Instructions for the task: Give back, exactly as written, the lines from the first line of the data below through the line with "Fang die Frische", and omit the pictures.

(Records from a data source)
-------------------------

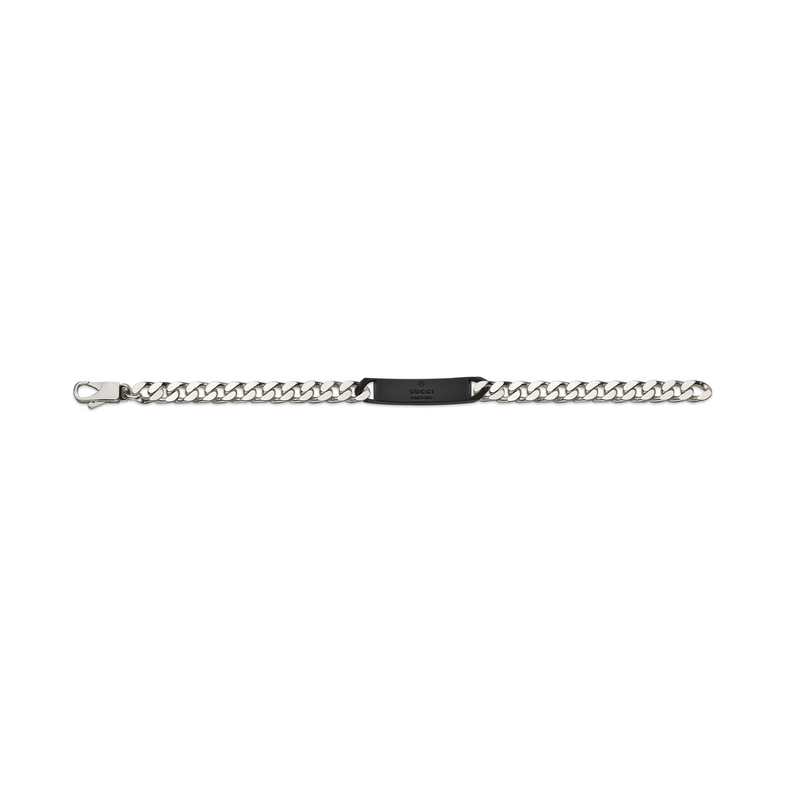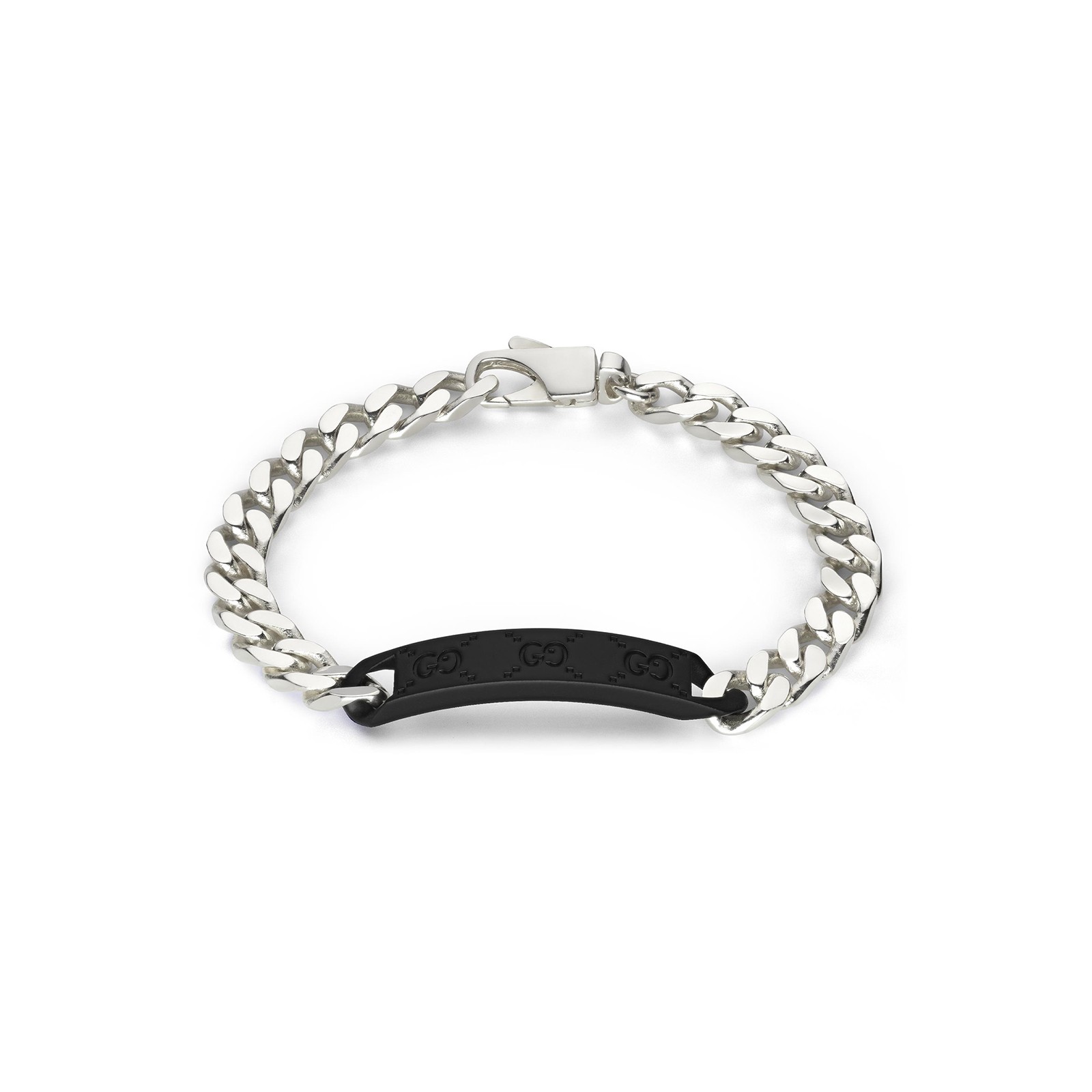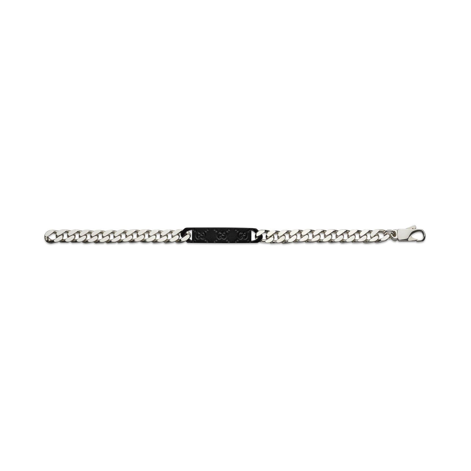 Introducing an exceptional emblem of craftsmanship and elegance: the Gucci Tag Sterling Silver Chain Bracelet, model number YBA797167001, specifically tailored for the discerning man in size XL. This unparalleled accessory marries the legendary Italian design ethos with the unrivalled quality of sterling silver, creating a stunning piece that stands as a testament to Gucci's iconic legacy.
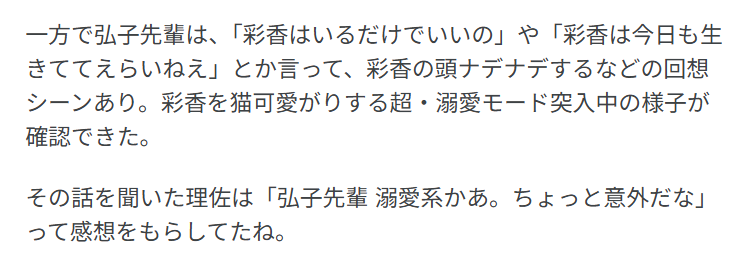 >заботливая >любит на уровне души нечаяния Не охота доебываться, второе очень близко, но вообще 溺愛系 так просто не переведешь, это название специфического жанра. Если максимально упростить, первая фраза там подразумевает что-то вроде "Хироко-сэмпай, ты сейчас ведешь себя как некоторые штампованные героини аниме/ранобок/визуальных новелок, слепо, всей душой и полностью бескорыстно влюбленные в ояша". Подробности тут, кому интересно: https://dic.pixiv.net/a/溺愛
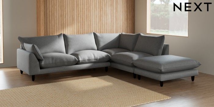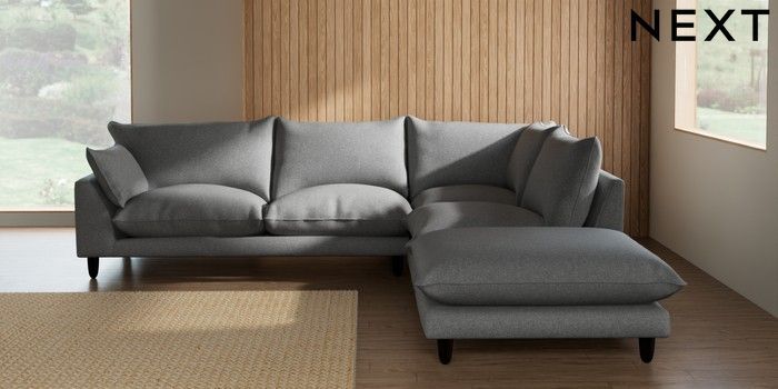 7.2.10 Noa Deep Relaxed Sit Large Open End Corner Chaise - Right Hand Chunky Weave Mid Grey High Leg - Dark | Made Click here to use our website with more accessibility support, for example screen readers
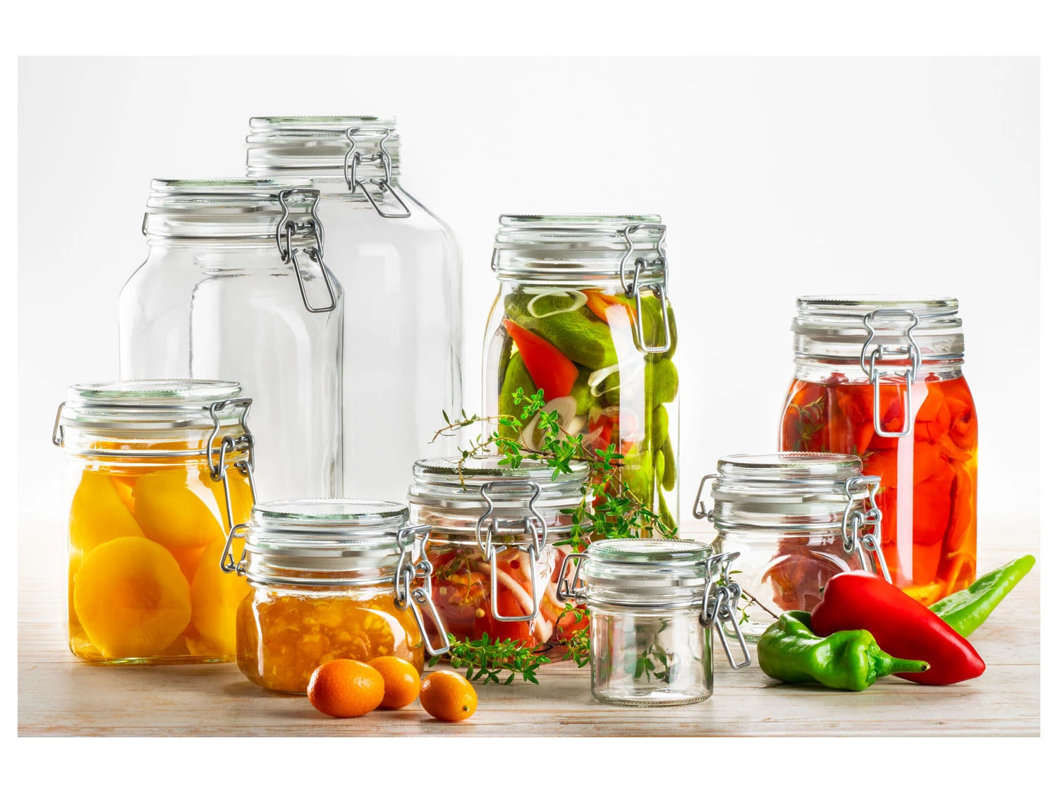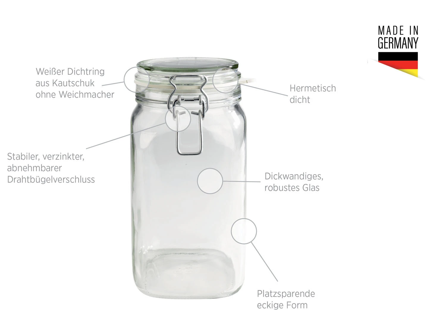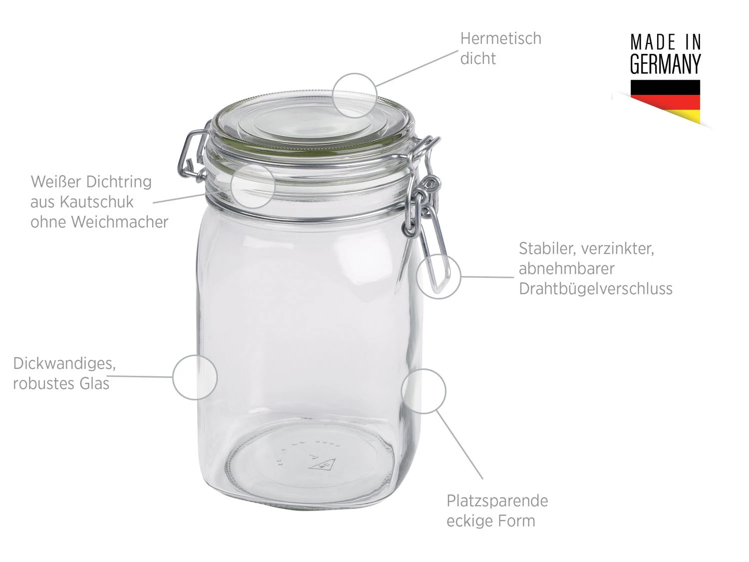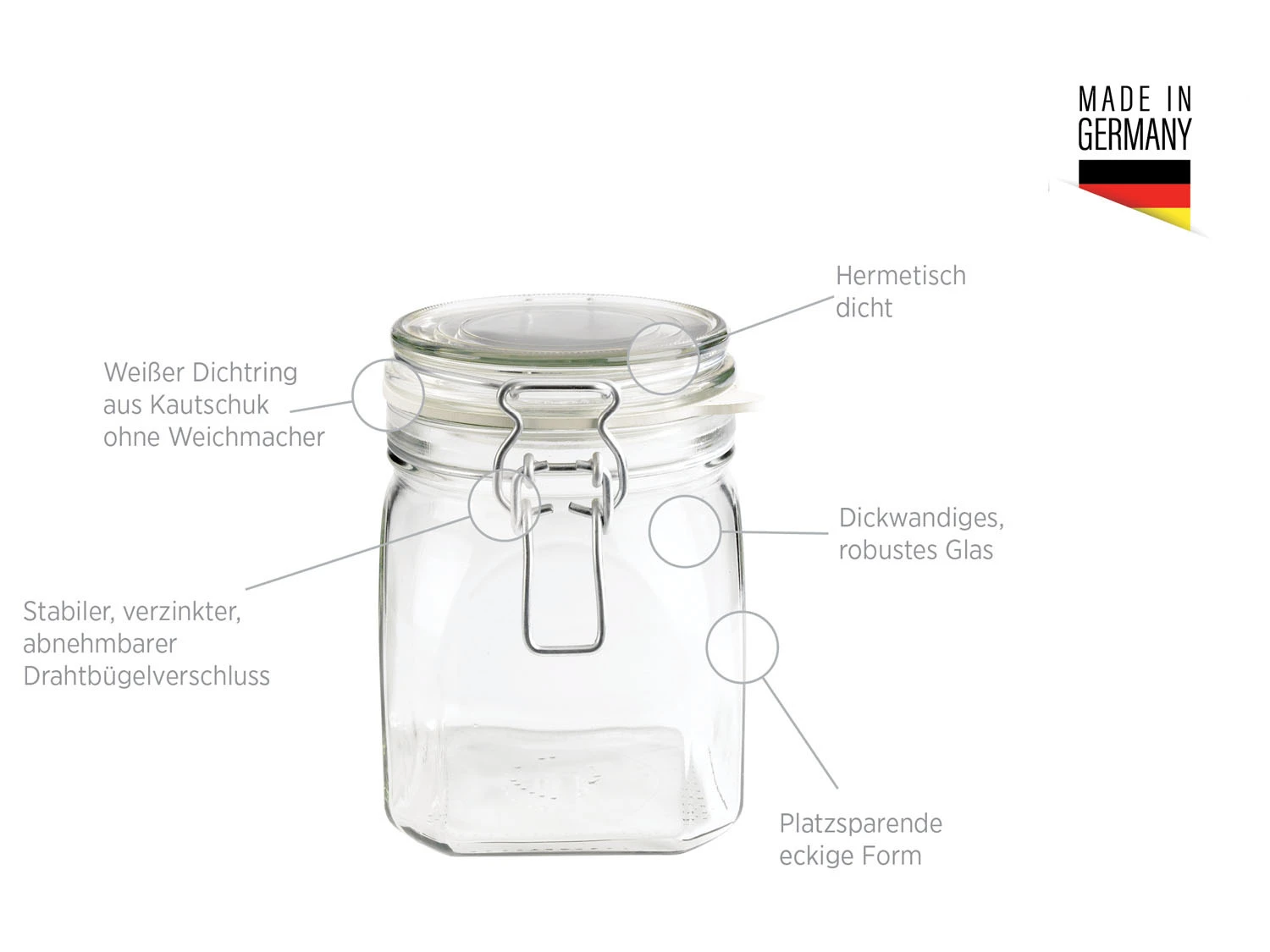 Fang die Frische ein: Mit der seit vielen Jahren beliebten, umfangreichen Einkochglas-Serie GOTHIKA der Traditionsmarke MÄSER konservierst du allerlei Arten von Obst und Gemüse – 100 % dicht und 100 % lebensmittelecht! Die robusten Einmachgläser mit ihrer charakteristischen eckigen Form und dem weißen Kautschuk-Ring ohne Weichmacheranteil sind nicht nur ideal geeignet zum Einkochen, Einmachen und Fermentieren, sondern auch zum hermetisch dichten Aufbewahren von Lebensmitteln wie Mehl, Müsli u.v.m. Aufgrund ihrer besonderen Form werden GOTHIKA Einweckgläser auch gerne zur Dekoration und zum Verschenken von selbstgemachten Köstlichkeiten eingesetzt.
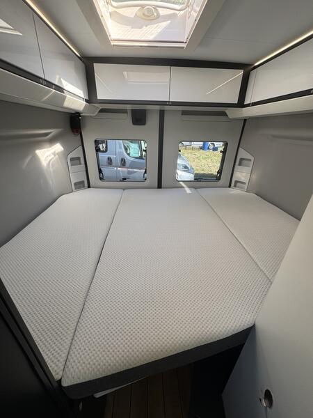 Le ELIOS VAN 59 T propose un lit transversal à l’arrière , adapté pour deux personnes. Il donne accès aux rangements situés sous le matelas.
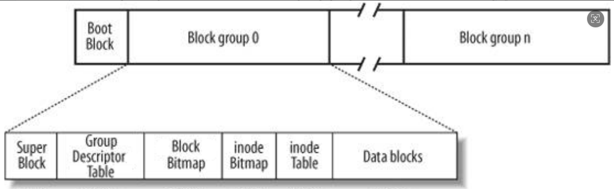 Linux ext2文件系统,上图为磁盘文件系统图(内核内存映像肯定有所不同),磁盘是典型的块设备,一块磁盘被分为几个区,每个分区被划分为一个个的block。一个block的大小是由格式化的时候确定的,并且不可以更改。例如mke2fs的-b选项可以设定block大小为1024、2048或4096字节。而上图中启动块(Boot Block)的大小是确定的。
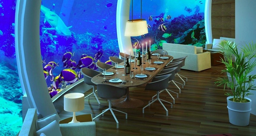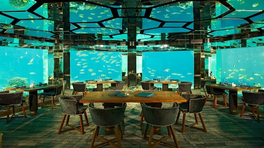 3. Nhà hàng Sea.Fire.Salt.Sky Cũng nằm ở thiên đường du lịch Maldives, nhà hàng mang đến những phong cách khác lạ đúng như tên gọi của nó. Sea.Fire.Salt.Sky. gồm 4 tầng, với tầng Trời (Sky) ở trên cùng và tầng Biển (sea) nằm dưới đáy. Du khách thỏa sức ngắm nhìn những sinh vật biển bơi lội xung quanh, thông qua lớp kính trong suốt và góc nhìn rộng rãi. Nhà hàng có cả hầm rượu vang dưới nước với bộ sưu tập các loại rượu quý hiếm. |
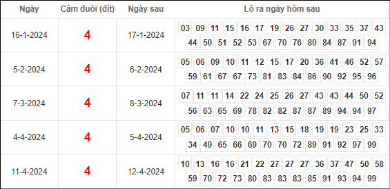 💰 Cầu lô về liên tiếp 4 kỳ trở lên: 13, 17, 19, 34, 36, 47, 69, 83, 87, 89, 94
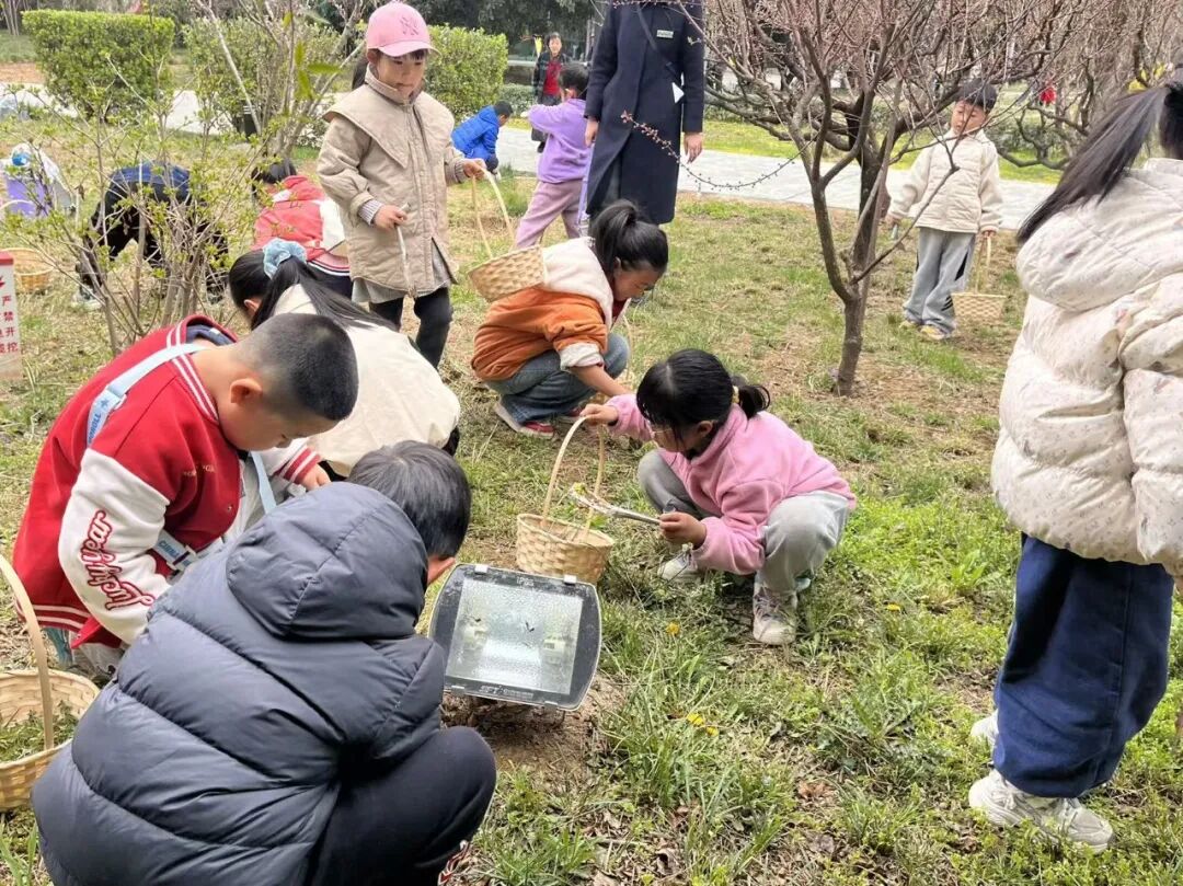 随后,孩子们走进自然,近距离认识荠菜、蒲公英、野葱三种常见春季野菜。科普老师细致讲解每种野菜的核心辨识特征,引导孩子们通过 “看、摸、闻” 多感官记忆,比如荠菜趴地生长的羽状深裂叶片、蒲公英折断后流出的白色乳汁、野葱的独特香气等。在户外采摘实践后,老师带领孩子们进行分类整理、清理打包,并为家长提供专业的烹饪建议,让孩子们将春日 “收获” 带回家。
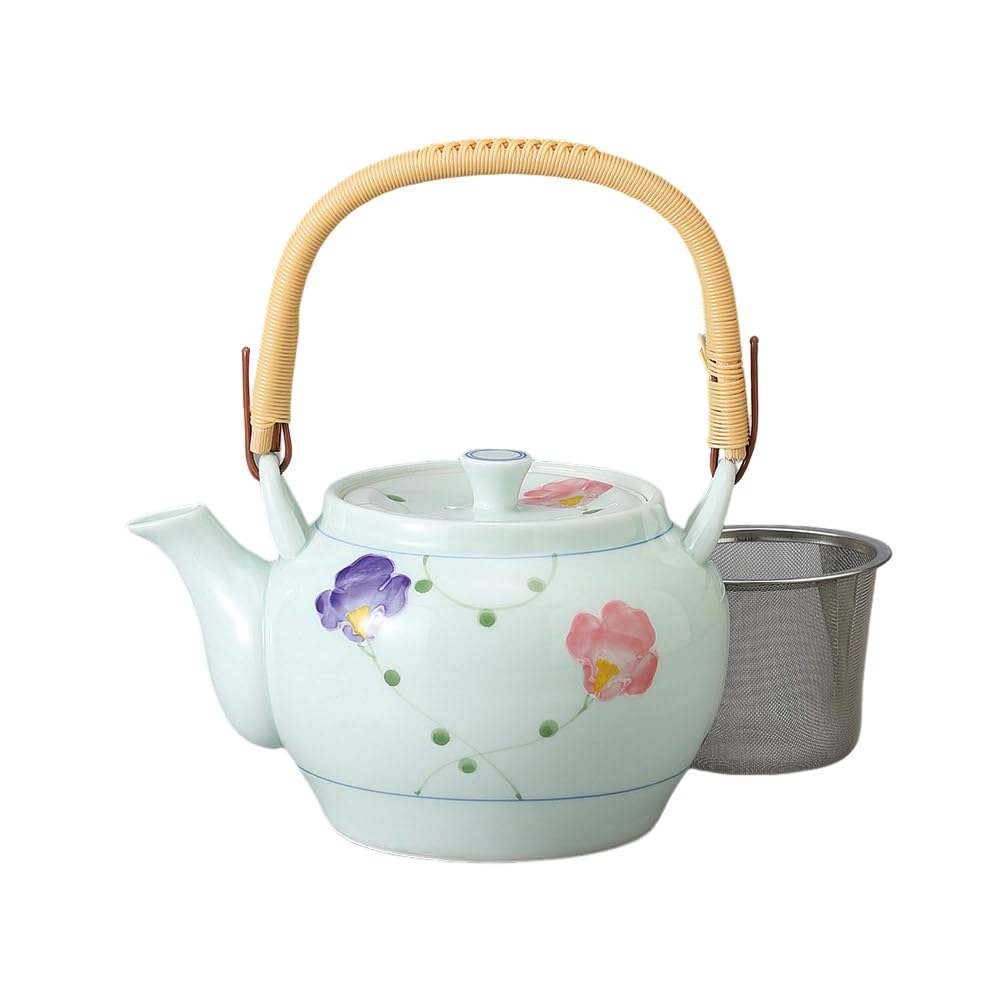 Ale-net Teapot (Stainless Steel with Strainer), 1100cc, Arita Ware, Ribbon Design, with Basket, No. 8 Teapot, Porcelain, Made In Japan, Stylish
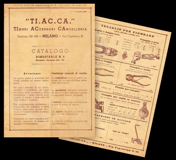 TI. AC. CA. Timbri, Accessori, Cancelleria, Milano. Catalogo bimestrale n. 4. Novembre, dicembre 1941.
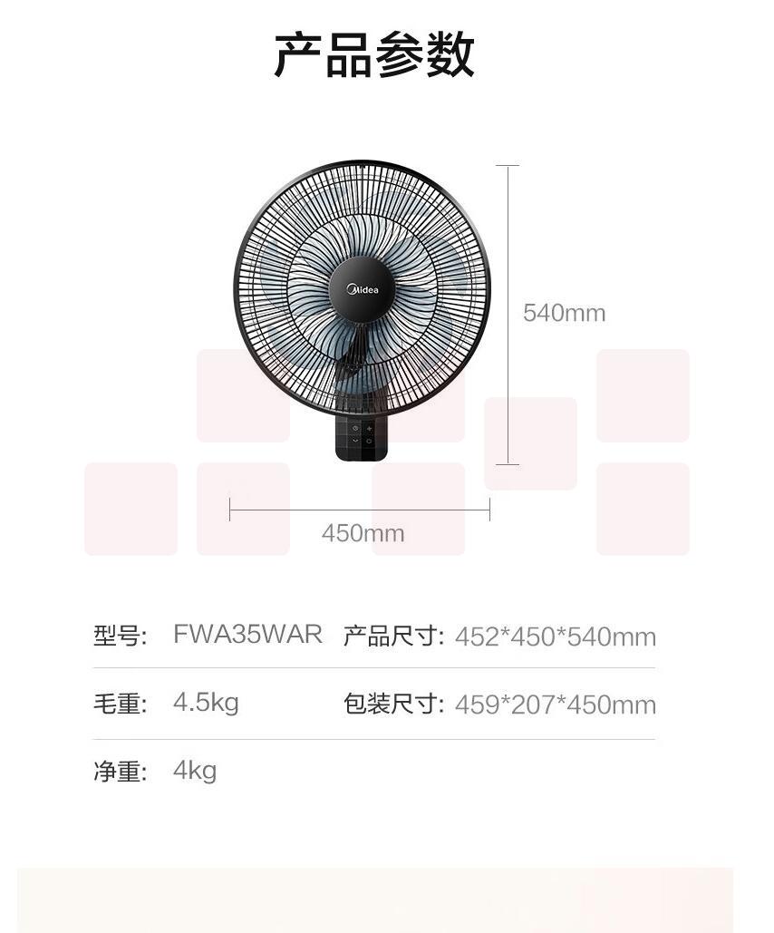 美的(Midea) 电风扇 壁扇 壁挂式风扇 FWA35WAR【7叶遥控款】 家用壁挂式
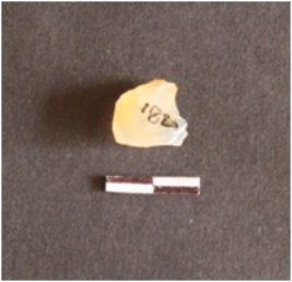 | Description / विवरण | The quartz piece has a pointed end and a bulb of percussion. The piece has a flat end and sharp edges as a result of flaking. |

-------------------------

Task result:
 Introducing an exceptional emblem of craftsmanship and elegance: the Gucci Tag Sterling Silver Chain Bracelet, model number YBA797167001, specifically tailored for the discerning man in size XL. This unparalleled accessory marries the legendary Italian design ethos with the unrivalled quality of sterling silver, creating a stunning piece that stands as a testament to Gucci's iconic legacy.
 >заботливая >любит на уровне души нечаяния Не охота доебываться, второе очень близко, но вообще 溺愛系 так просто не переведешь, это название специфического жанра. Если максимально упростить, первая фраза там подразумевает что-то вроде "Хироко-сэмпай, ты сейчас ведешь себя как некоторые штампованные героини аниме/ранобок/визуальных новелок, слепо, всей душой и полностью бескорыстно влюбленные в ояша". Подробности тут, кому интересно: https://dic.pixiv.net/a/溺愛
 7.2.10 Noa Deep Relaxed Sit Large Open End Corner Chaise - Right Hand Chunky Weave Mid Grey High Leg - Dark | Made Click here to use our website with more accessibility support, for example screen readers
 Fang die Frische ein: Mit der seit vielen Jahren beliebten, umfangreichen Einkochglas-Serie GOTHIKA der Traditionsmarke MÄSER konservierst du allerlei Arten von Obst und Gemüse – 100 % dicht und 100 % lebensmittelecht! Die robusten Einmachgläser mit ihrer charakteristischen eckigen Form und dem weißen Kautschuk-Ring ohne Weichmacheranteil sind nicht nur ideal geeignet zum Einkochen, Einmachen und Fermentieren, sondern auch zum hermetisch dichten Aufbewahren von Lebensmitteln wie Mehl, Müsli u.v.m. Aufgrund ihrer besonderen Form werden GOTHIKA Einweckgläser auch gerne zur Dekoration und zum Verschenken von selbstgemachten Köstlichkeiten eingesetzt.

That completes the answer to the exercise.